In mid-September, Rail returned to Nouméa and assumed towing duties in the New Caledonia area. Assigned a tow to the New Hebrides in early January 1944, she spent the latter half of the month en route to and from New Zealand and in February resumed towing operations out of Espiritu Santo.

On 1 June, Rail, now ATO-139 (effective 15 May 1944), departed the Solomons-New Hebrides area and shifted to New Guinea. Arriving at Milne Bay on the 4th, she operated along that coast from Milne Bay to Biak through the summer. In October she visited Cairns, Australia, then resumed operations along the New Guinea coast, in the Admiralties, and, in November, in the Halmaheras. In late November and early December, she towed barges to Leyte, Philippines. Then, toward the end of the year, she departed Manus with the Luzon attack force.

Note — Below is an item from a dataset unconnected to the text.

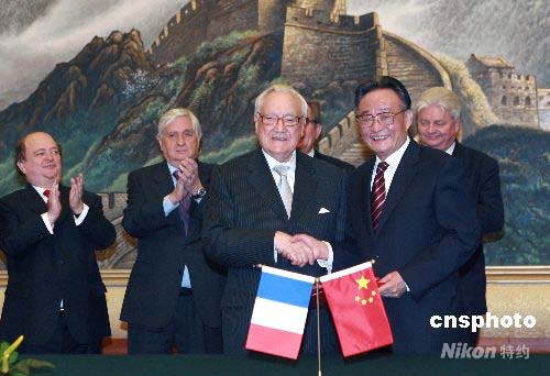 4月25日,全國人大常委會委員長吳邦國在北京人民大會堂與法國參議院議長蓬斯萊舉行會談。會后雙方簽署了中華人民共和國全國人民代表大會與法蘭西共和國參議院建立定期交流機(jī)制的協(xié)議。中新社發(fā) 廖文靜 攝

== Philippine invasion support ==
On 5 January 1945, Rail transited Surigao Strait. On the 7th, she entered the South China Sea where Japanese aircraft attempted to turn the Allied force. On the 9th, the ships entered Lingayen Gulf and Rail took up station to give assistance where needed. Through the 18th she provided retrieving, salvage, and towing services at Lingayen. On the 14th, after completing an intelligence and salvage inspection of Yu 3, a sunken Japanese submarine, she continued salvage operations at Lingayen from the 15th - 18th, on the 18th she then moved south with LST-610 in tow to Leyte, whence she returned to Luzon for operation "Mike VII" - the assaults on Zambales province at the end of the month. With no opposition in the San Antonio area, she moved around to Grande Island at the entrance to Subic Bay; assisted the damaged transport, ; then returned to Leyte, arriving in San Pedro Bay on 4 February.

Two weeks later, the tug returned to New Guinea; underwent overhaul at Hollandia; and, late in April, brought more barges to the Philippines. Arriving at Leyte on 1 May, she remained in the Philippines - operating primarily in the Samar, Leyte, and Luzon areas - until mid-December.

== Decommissioning ==
On the 26th, she departed Guiuan and arrived at San Francisco, California, on 5 February 1946 to begin inactivation. Decommissioned on 29 April 1946, Rail was transferred to the Maritime Commission for disposal on 17 January 1947.

== Awards ==
Rail earned six battle stars during World War II.